Human papillomavirus (HPV) type 16 E7 protein bodies cause tumour regression in mice
- Equal contributors
1 Department of Molecular and Cell Biology, University of Cape Town, Private Bag X3, Cape Town, Rondebosch 7700, South Africa
2 Department of Chemistry and Biotechnology, Aachen University of Applied Sciences, Jülich 52428, Germany
3 Department of Immunology, University of Konstanz, Constance, Germany
4 Molecular Virology Department, Botany and Microbiology College of Science, King Saud University, Riyadh 11451, Saudi Arabia
5 ERA Biotech, Parc de Recerca UAB Bellaterra, Barcelona, Spain
6 Institute of Infectious Diseases and Molecular Medicine, University of Cape Town, Rondebosch 7700, South Africa
BMC Cancer 2014, 14:367 doi:10.1186/1471-2407-14-367Published: 24 May 2014
Human papillomaviruses (HPV) are the causative agents of cervical cancer in women, which results in over 250 000 deaths per year. Presently there are two prophylactic vaccines on the market, protecting against the two most common high-risk HPV types 16 and 18. These vaccines remain very expensive and are not generally affordable in developing countries where they are needed most. Additionally, there remains a need to treat women that are already infected with HPV, and who have high-grade lesions or cervical cancer.

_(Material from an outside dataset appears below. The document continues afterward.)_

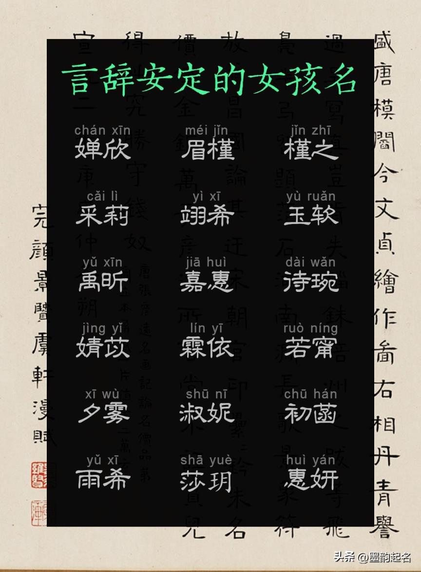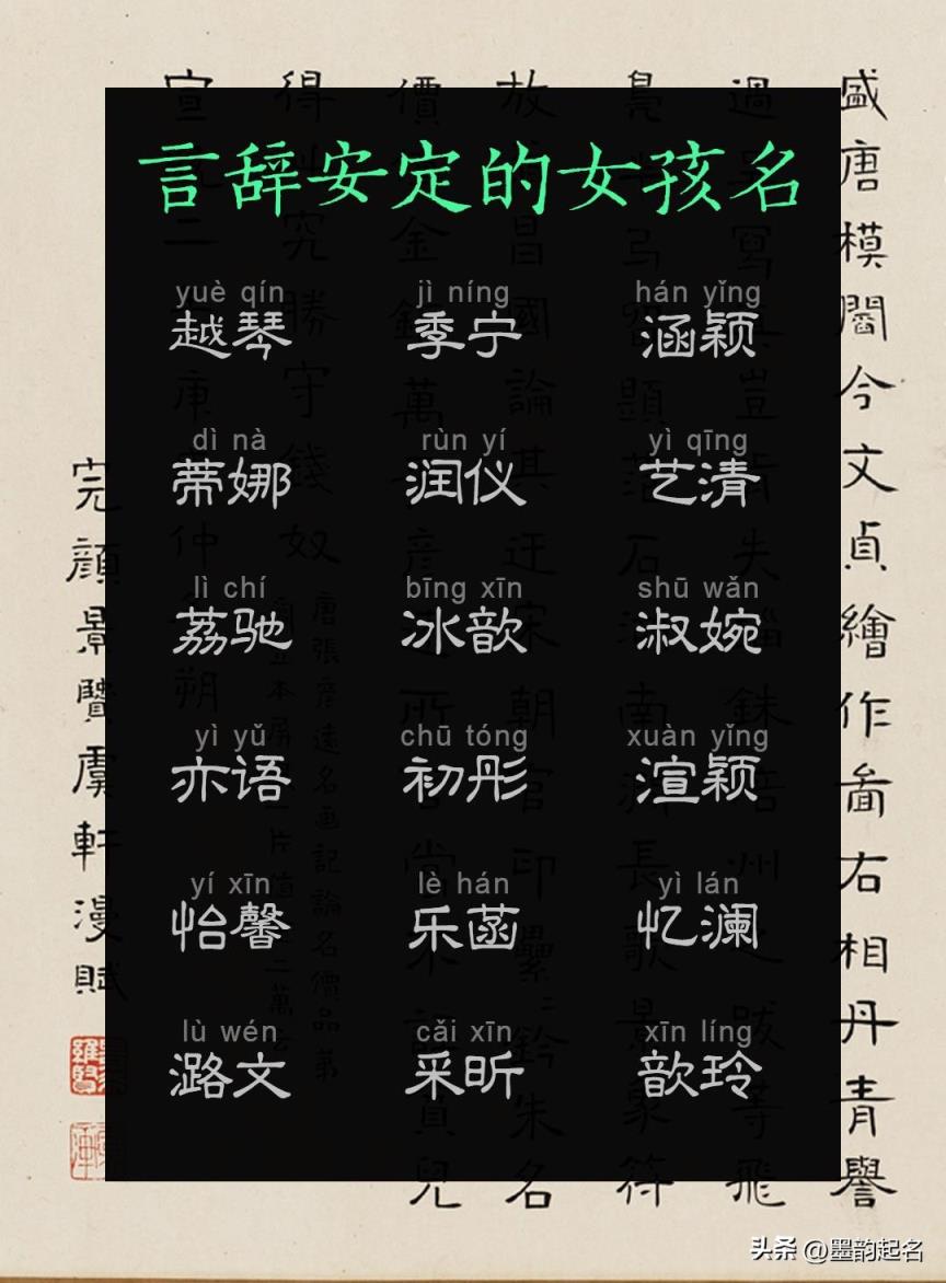 墨韵起名:言辞安定的女孩名

In this paper, we characterize the immunogenicity of a therapeutic vaccine that targets the E7 protein of the most prevalent high-risk HPV - type 16 – the gene which has previously been shown to be effective in DNA vaccine trials in mice. The synthetic shuffled HPV-16 E7 (16E7SH) has lost its transforming properties but retains all naturally-occurring CTL epitopes. This was genetically fused to Zera®, a self-assembly domain of the maize γ-zein able to induce the accumulation of recombinant proteins into protein bodies (PBs), within the endoplasmic reticulum in a number of expression systems.
High-level expression of the HPV 16E7SH protein fused to Zera® in plants was achieved, and the protein bodies could be easily and cost-effectively purified. Immune responses comparable to the 16E7SH DNA vaccine were demonstrated in the murine model, with the protein vaccine successfully inducing a specific humoral as well as cell mediated immune response, and mediating tumour regression.
The fusion of 16E7SH to the Zera® peptide was found to enhance the immune responses, presumably by means of a more efficient antigen presentation via the protein bodies. Interestingly, simply mixing the free PBs and 16E7SH also enhanced immune responses, indicating an adjuvant activity for the Zera® PBs.